When I discovered Panique on the TCM festival program I was intrigued: French noir at the hand of Duvivier, an icon of French Classical Cinema, admired by Welles, Renoir, Bergman, and other filmmakers of great legend.

Duvivier had begun as a stage actor but quickly transitioned to directing. He directed his first film in 1919 and would go on to make nearly 70 pictures over the next five decades. His first talking film, David Golder (1930), was also his first success and it launched him to lasting prominence. Duvivier would become one of the revered “Big Five” filmmakers, along with Renoir, Rene Clair, Jacques Feyder and Marcel Carné, of 1930’s France and a pillar of the influential movement known as Poetic Realism (1930 – 1939).

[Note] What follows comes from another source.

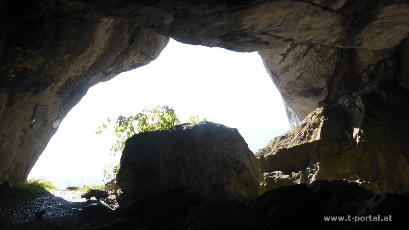 Nach einigem hin und her erreiche ich den Kammweg. Beim nächsten Wegweiser biege ich aber nicht gleich auf den Rauhen Kamm ab, sondern besuche die beiden Ötscherhöhlen. Der Abstieg gestaltet sich etwas mühsamer als gedacht, zuerst ein Stück steil hinunter, dann meist auf schrägem Pfad entlang der blau-weißen Markierung. So geht es ca. 100 Höhenmeter hinab bis zum Geldloch. Nachdem ich weder die passende Ausrüstung noch Mitstreiter dabei habe, staune ich nur über die Eingangshöhle und wage mich nicht weiter hinein. Dafür gibt es eine längere Pause, da ich die Jause nicht über den Kamm tragen will. Während der Rast habe ich einen tollen Ausblick rüber zur Gemeindealpe und einer breiten Nebelfront dahinter, sowie zu diversen Hügeln Richtung Heimat. Nun geht es retour zum Kamm, unterwegs schau ich noch im Taubenloch vorbei. Es folgt der Anstieg am Rauhen Kamm, heute ist besondere Vorsicht geboten, da viele Steine am ersten Teilstück aufgrund des Sonnenmangels nass und rutschig sind. Auch sind an so einem schönen Tag natürlich viele Leute unterwegs. Ich komm ganz gut voran und kann mich heute sogar ins Gipfelbuch am Herrenstand einschreiben (letztes Mal war es entweder voll oder nicht vorhanden).

He was meticulous, carefully planning every facet of filming, able to work in any genre, and convinced that a film’s subject matter, not the director, should determine its style. Because he did not fit easily into their auteur concept, Duvivier would be scorned by the critics of the Cahiers du Cinema of the ‘50s and ‘60s era, and his reputation suffered for it. But Jean Renoir would perhaps be speaking to posterity when, in eulogizing Duvivier, he declared, “If I were an architect and I had to build a monument to the cinema, I would place a statue of Duvivier above the entrance.”

Julien Duvivier is best known today for his Pépé le Moko (1937), starring Jean Gabin, a world classic that was remade in Hollywood a year later as Algiers with Charles Boyer and Hedy Lamarr. The Duvivier film launched Gabin into the stratosphere as an international star and, as Drew Hunt of The Chicago Reader has observed, the actor’s performance in the title role represented “nothing less than the beginning of an entire screen tradition - of Bogart, Belmondo, Delon, Mitchum, and everyone else in between.”

But the direction of Julien Duvivier wasn’t Panique’s only attraction for me. Michel Simon in the leading role also piqued my interest; his performance as hapless Nick in Le Dernier Tournant was remarkable and he was quite a bit more convincing than Cecil Kellaway in the Hollywood rendition of The Postman Always Rings Twice.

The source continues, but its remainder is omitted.